> Raw data
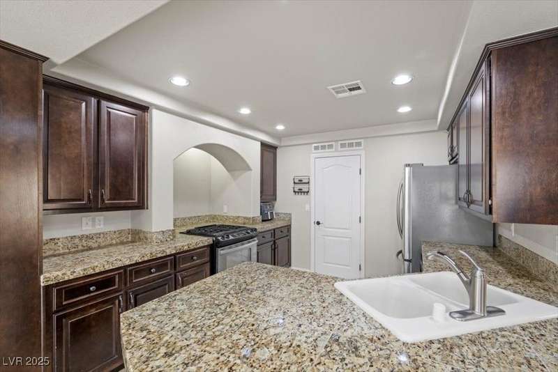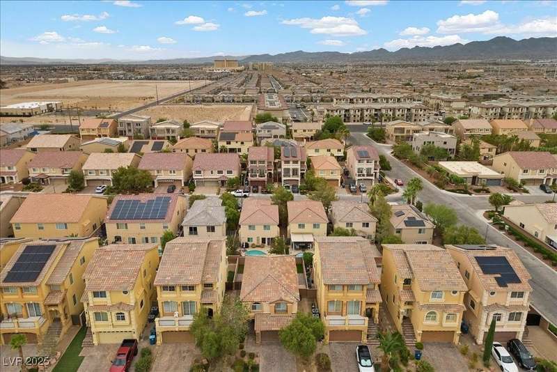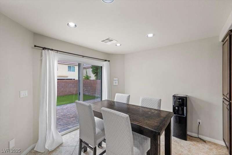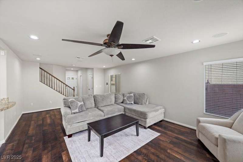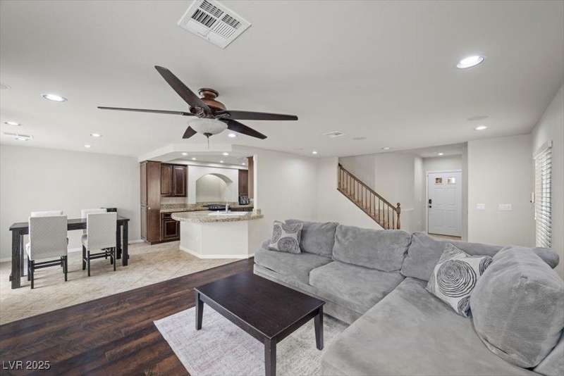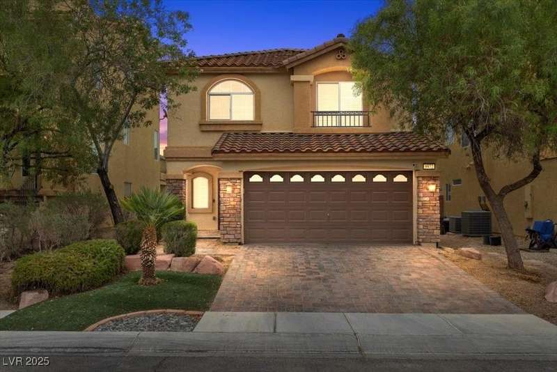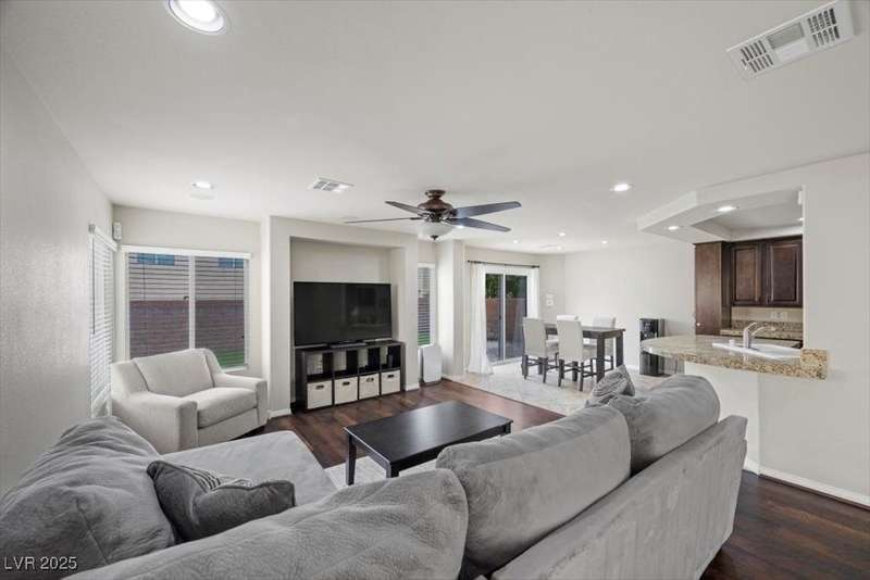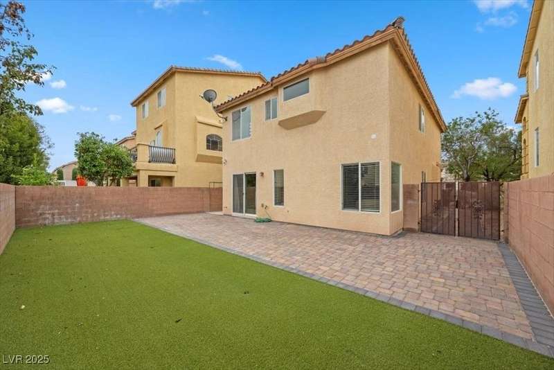 Welcome to this beautifully maintained two-story home in the highly desirable Southwest Las Vegas! From the moment you arrive, the mature landscaping creates a warm welcome and wonderful curb appeal. Step inside to a bright and inviting open floor plan where the spacious living room features modern laminate flooring and light, airy walls that enhance the home's natural flow. The kitchen is a true centerpiece with granite countertops, rich dark cabinets, and a design that overlooks the dining and living areas perfect for entertaining and everyday living. Upstairs, you will find the spacious primary suite and a primary bathroom complete with dual sinks and a large walk-in shower. With 4 bedrooms total, this home provides the flexibility for family, guests, or a home office. Completing this home is a spacious backyard with artificial turf and pavers. This home is a perfect choice for first-time buyers or anyone looking for a move-in ready home in a prime location.
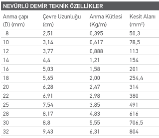 Nervürlü İnşaat Demiri Genel Özellikleri
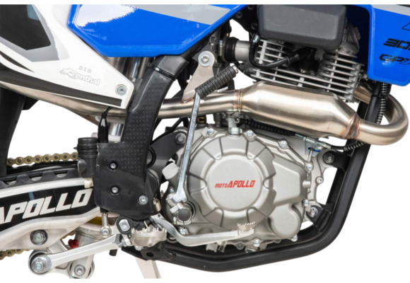 Moto Apollo F3 300 в этой конфигурации — это настоящий спортивный кросс, созданный без компромиссов для тех, кто живёт скоростью, прыжками и гонками по бездорожью. Несмотря на маркировку двигателя 175FMM, его реальный рабочий объём — 300 см³, а мощность составляет 25 лошадиных сил. Воздушное охлаждение, отсутствие балансирного вала и цепной привод ГРМ обеспечивают классическую кроссовую надёжность, минимальный вес и высокую ремонтопригодность прямо на трассе.
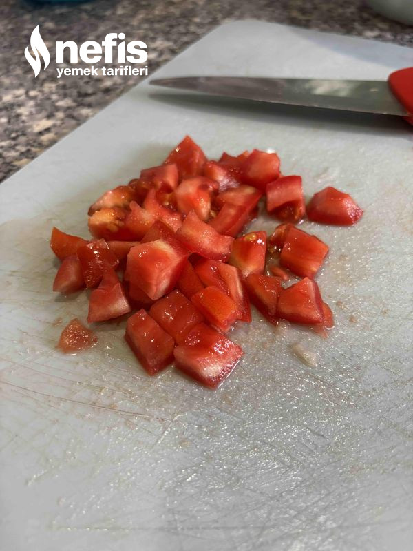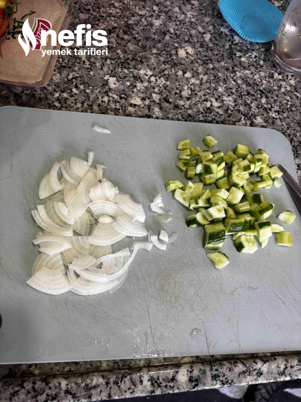 - Marulları minik minik, domatesleri küp küp, salatalıkları da cacıktan biraz daha büyük olacak formda kesiyoruz.

> Requirement
Ignore the images and quote every line of the listing exactly.

> Answer area
 Welcome to this beautifully maintained two-story home in the highly desirable Southwest Las Vegas! From the moment you arrive, the mature landscaping creates a warm welcome and wonderful curb appeal. Step inside to a bright and inviting open floor plan where the spacious living room features modern laminate flooring and light, airy walls that enhance the home's natural flow. The kitchen is a true centerpiece with granite countertops, rich dark cabinets, and a design that overlooks the dining and living areas perfect for entertaining and everyday living. Upstairs, you will find the spacious primary suite and a primary bathroom complete with dual sinks and a large walk-in shower. With 4 bedrooms total, this home provides the flexibility for family, guests, or a home office. Completing this home is a spacious backyard with artificial turf and pavers. This home is a perfect choice for first-time buyers or anyone looking for a move-in ready home in a prime location.
 Nervürlü İnşaat Demiri Genel Özellikleri
 Moto Apollo F3 300 в этой конфигурации — это настоящий спортивный кросс, созданный без компромиссов для тех, кто живёт скоростью, прыжками и гонками по бездорожью. Несмотря на маркировку двигателя 175FMM, его реальный рабочий объём — 300 см³, а мощность составляет 25 лошадиных сил. Воздушное охлаждение, отсутствие балансирного вала и цепной привод ГРМ обеспечивают классическую кроссовую надёжность, минимальный вес и высокую ремонтопригодность прямо на трассе.
 - Marulları minik minik, domatesleri küp küp, salatalıkları da cacıktan biraz daha büyük olacak formda kesiyoruz.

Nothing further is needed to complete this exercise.